Element Lambda is defined as following:

<xs:element name="Lambda">
<xs:complexType>
<xs:sequence>
<xs:element ref="Extension" minOccurs="0" maxOccurs="unbounded"/>
<xs:group ref="REAL-ARRAY"/>
</xs:sequence>
</xs:complexType>
</xs:element>

Additional information about the kernel can be entered in the free type attribute description.

Training Instances

The element TrainingInstances refers to the element defined in KNN model documentation. It encapsulates the definition of the fields included in the training instances as well as their values.

Definitions

• isTransformed: Used as a flag to determine whether or not the training instances have already been transformed. If isTransformed is "false", it indicates that the training data has not been transformed yet. If "true", it indicates that it has already been transformed.
• recordCount: Defines the number of training instances or records. This number needs to match the number of instances defined in the element InlineTable or in the external data if TableLocator is used.
• fieldCount: Defines the number of fields (features + targets). This number needs to match the number of InstanceField elements defined under InstanceFields.

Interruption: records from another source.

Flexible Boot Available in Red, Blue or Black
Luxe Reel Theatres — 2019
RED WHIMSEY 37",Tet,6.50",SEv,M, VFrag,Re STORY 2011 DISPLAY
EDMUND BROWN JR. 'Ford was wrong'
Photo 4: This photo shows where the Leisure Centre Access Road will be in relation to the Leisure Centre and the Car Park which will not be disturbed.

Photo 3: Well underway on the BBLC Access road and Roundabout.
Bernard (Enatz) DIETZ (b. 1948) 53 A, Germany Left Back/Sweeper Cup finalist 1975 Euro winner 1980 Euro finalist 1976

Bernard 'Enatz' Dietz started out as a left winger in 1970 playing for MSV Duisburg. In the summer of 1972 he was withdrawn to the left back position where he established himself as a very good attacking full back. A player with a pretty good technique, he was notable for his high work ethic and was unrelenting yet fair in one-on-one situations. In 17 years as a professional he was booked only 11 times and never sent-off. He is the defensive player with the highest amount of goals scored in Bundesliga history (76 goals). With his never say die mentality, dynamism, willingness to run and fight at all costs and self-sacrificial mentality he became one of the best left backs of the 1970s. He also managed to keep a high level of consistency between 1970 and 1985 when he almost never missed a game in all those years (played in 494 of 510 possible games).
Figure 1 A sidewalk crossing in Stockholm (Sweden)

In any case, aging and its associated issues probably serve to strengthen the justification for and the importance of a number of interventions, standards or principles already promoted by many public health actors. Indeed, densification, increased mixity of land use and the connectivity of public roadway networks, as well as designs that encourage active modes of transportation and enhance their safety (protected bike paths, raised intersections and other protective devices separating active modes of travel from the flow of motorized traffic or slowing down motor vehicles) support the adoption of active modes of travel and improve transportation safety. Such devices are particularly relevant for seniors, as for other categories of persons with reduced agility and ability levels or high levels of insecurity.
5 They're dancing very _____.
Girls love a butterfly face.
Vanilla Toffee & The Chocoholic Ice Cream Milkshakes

Each InstanceFields and InstanceField refer to elements defined in KNN.

The InstanceFields element serves as an envelope for all the fields included in the training instances. It encapsulates InstanceField elements.

Definitions

• field: Contains the name of a DataField or a DerivedField (in case isTransformed is set to "true"). Can also contain the name of the case ID variable.
• column: Defines the name of the tag or column used by element InlineTable. This attribute is required if element InlineTable is used to represent training data.

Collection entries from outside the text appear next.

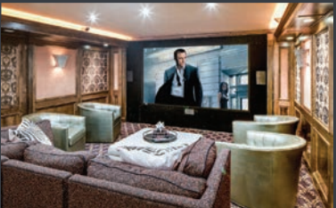
4888 W Lake Harriet Pkwy, MPLS $1.599M
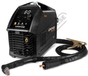
Shown with Included Accessories Front View
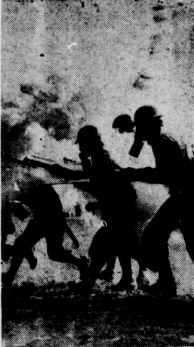
GAS WON'T STOP THEM

Invasion moves as depicted on the map above were planned to isolate German troops in fortified zones according to forecasts by military experts. How close those forecasts came to being right is now indicated by the actual invasion.
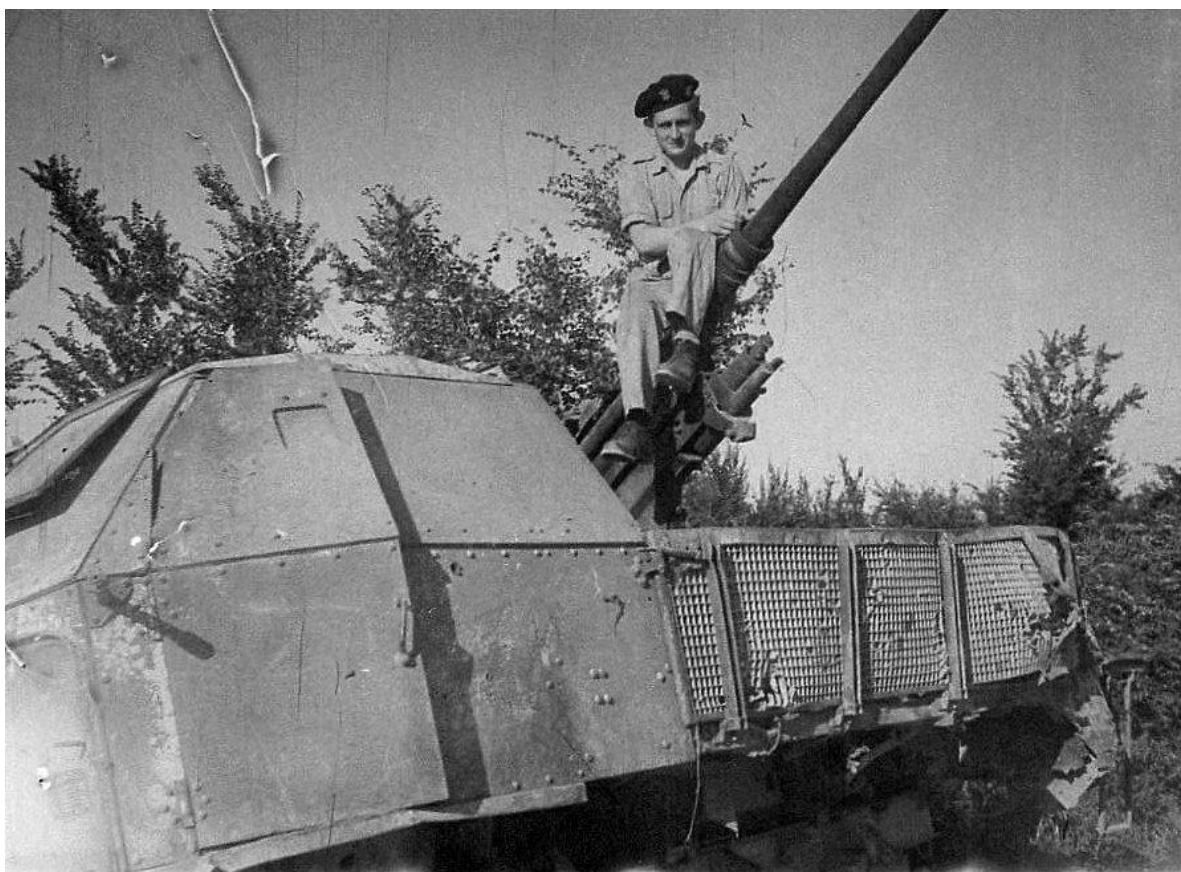
Italy; circa 1944.
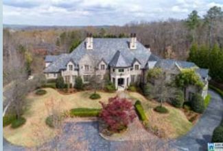
4006 St Charles Dr $4,350,000
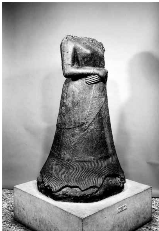
6. Bronze statue of the Queen Napir-Asu with Elamite inscription from Susa; Louvre inv. Sb 2731.

Examples of the practice of disjunctive representation can be found in Near Eastern cultures, where inscriptions proclaiming in the first person a king's deeds and titles might be inscribed upon a variety of freestanding and relief figures without regard to what or whom they represented. 54 Nevertheless, "conjunctive" as opposed to disjunctive statue inscriptions were equally common. An important type of statue found in both Egypt and the Near East is the "speaking statue," which is a statue representing a ruler or noble and inscribed with a text of the subject's own utterances. One example of a Near Eastern speaking statue is the life-size bronze image of the fourteenth-century B.C. Elamite queen, Napir-Asu, which is now in the Louvre (Fig. 6). Its inscription reads as follows:
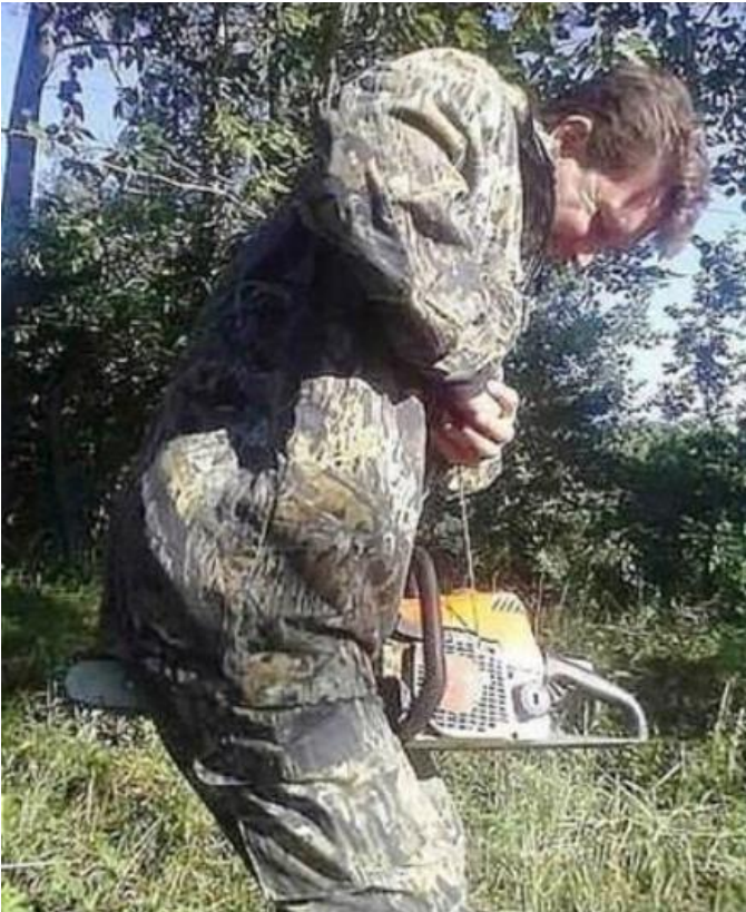
There is dumb – and then there is REALLY dumb!

Mom and the kids had been up in the attic together doing some cleaning. The kids uncovered an old manual typewriter and asked her, "Hey Mom, what's this?"
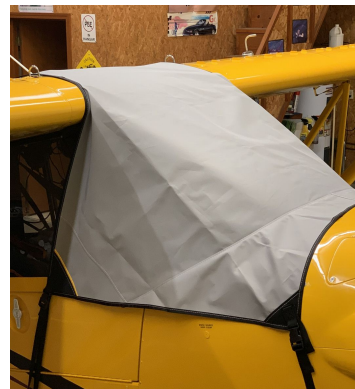
Cub Crafters Carbon Cub FX3 Windshield/Skylight Cover, travel weight
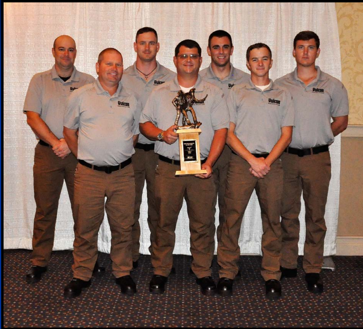
NOVICE FIRST PLACE VULCAN MATERIALS - VULCAN GRAY
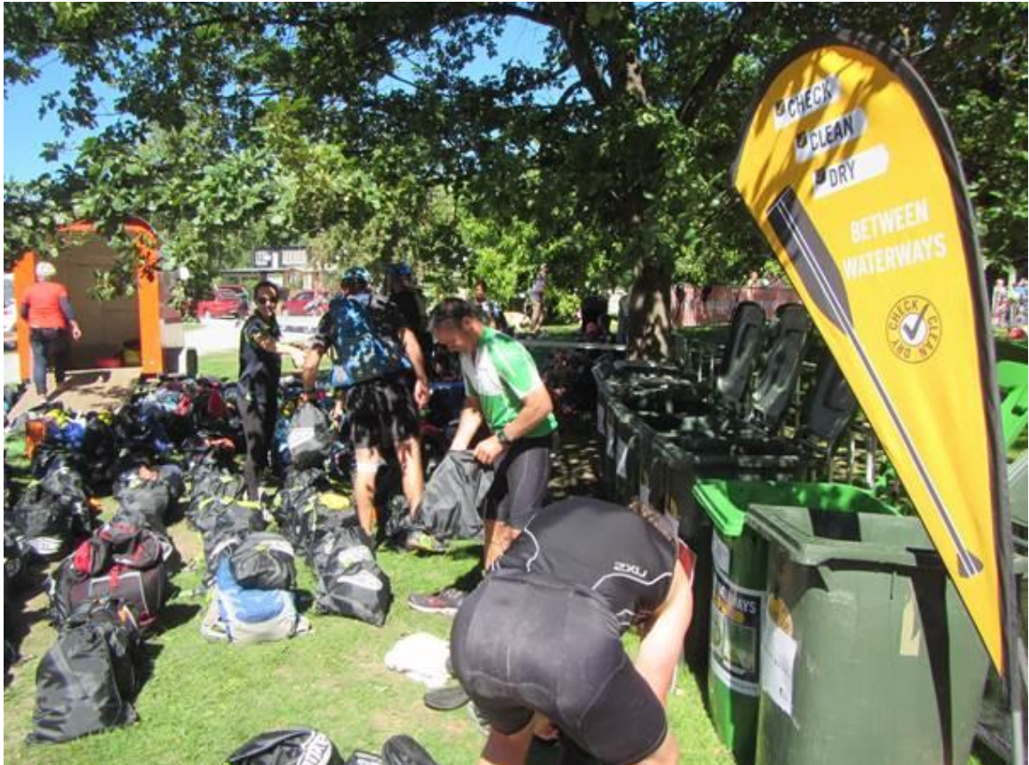
Figure 1: Check Clean Dry decontamination station at MacPac Motatapu in Arrowtown on 10th March 2018

The element TrainingInstances offers a choice of PMML elements when it comes to representing the training data (feature vectors and class labels). These are:

• InlineTable: Allows for the training instances to be part of the PMML document itself. When used in k-NN models, a row in an InlineTable should contain a sequence of elements representing the input fields. Each tag or column, as given by attribute column of element InstanceField, corresponds to a field name. The content of an element defines the field value.
• TableLocator: Allows for the training data to be stored in an external table. Such a table can then be referenced by the TableLocator element which implements a kind of URL for tables.

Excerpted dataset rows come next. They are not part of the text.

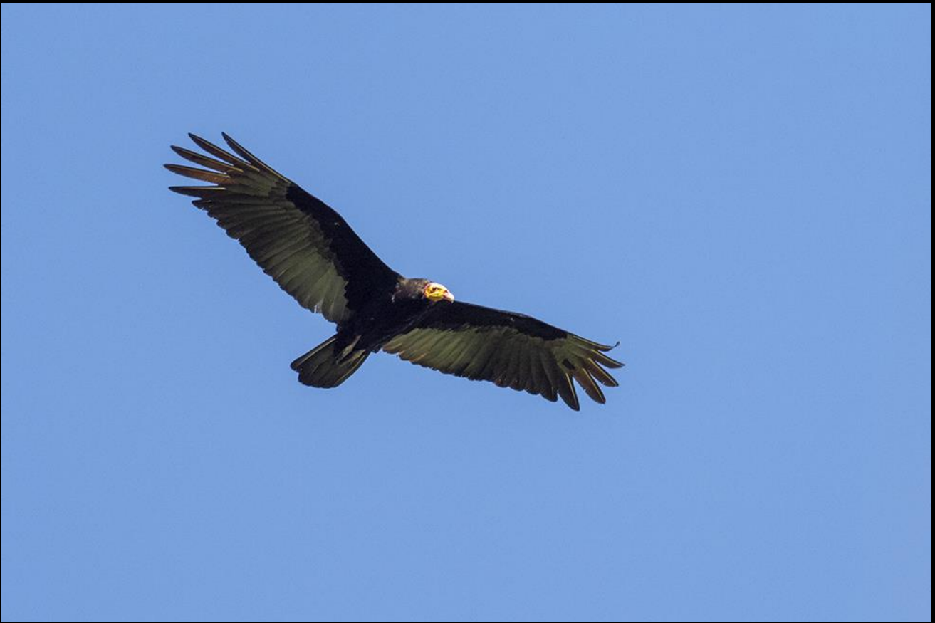
Also flying close to eye-level we got Greater Yellow-headed Vulture (above) and Blue-and-yellow Macaws (below)
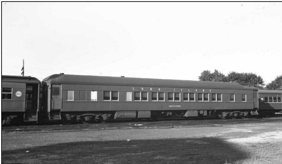
Club car SOUTH SHORE is catching the early morning light of a summer day in the yard at

Merry Christmas and Happy New Year from the Long Island Rail Road Modeler! And happy modeling! Don't forget--my first book of two volumes by Morning Sun Publishing on LIRR MU cars—1905 to 1947 and in color—will be available from the chapter in April 2020. I can't wait!
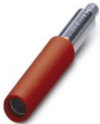
Female test connector, color: red

Please be informed that the data shown in this PDF Document is generated from our Online Catalog. Please find the complete data in the user's documentation. Our General Terms of Use for Downloads are valid ( http://phoenixcontact.com/download )
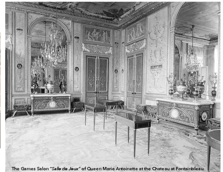
The Games Salon "Salle de Jeux" of Queen Marie Antoinette at the Chateau at Fontainebleau.
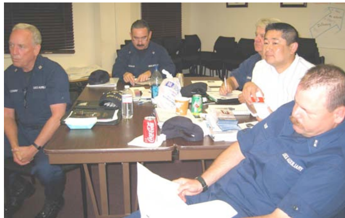
Div. 5 Staff Officers at meeting 4/20/10
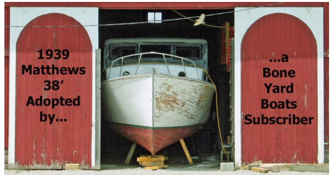
1939 MATTHEWS 38' STOCK CRUISER – FALL '07 ISSUE
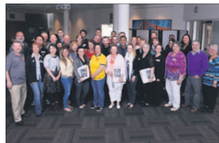
Our last community panel in 2015 considered what services and infrastructure we need in Penrith.

Planning decisions influence the character and identity of our City. We would like your help to guide how we shape Penrith's future. You are invited to register your interest to join a Community Panel to
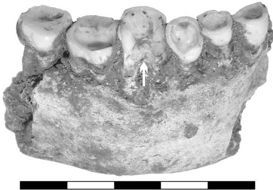
FIG. 6. Posterior part of the right mandible of UP 152: note the exposure of the root and helicoidal wear on the first molar (see arrows). Scale in centimetres.

antemortem tooth loss was recorded only in adults over 40 years of age (UP 152 and UP 153). The oldest individual (UP 152) had heavy dental wear, visible periodontal disease, and five periapical abscesses at the tooth roots of the upper first and third molar, the lower right second incisor and first molar, and the lower left first premolar. Healed abscesses were present at the root of the lower left second molar and first molar. The combination of these dental problems and possible malalignment of the upper and lower jaw was most likely responsible for both helicoidal wear and exposure of the root pulp on the lower right first molar (Fig. 6). Periapical abscesses were also noted on the lower right second premolar of UP 151 and the lower left first premolar of UP 153.
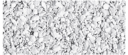
AW Arctic White

For more information on elements InlineTable and TableLocator, refer to Taxonomy.

Example Model

In this example, the training procedure of a GP regression model, the representation of the trained GP regression model with PMML file, and the scoring procedure using the represented GP regression model are introduced. To illustrate these procedures, two training data points with input vectors {x1=(1,3), x2=(2,6)} and target response {y1=1, y2=2} are used. The ARD squared exponential kernel function k(x,z)=γ exp(-1/2 (Sum[(i=1)to p]( |xi-zi| /λi)2)) is used, and its optimum hyper-parameters θ* = (γ*, λ*ϵ*) are computed using the training data points.

Using two training points with input vectors {x1 = (1,3), x2 = (2,6)} and target response {y1 = 1, y2 = 2}, the optimum hyper-parameters θ* = (γ*, λ*ϵ*) for the ARD squared exponential kernel function are determined as γ* = 2.4890, λ* = (1.5164,59.3113) and σϵ*= 0.1051. The noise variance is ϵ*)2 = (0.1051)2 = 0.0110.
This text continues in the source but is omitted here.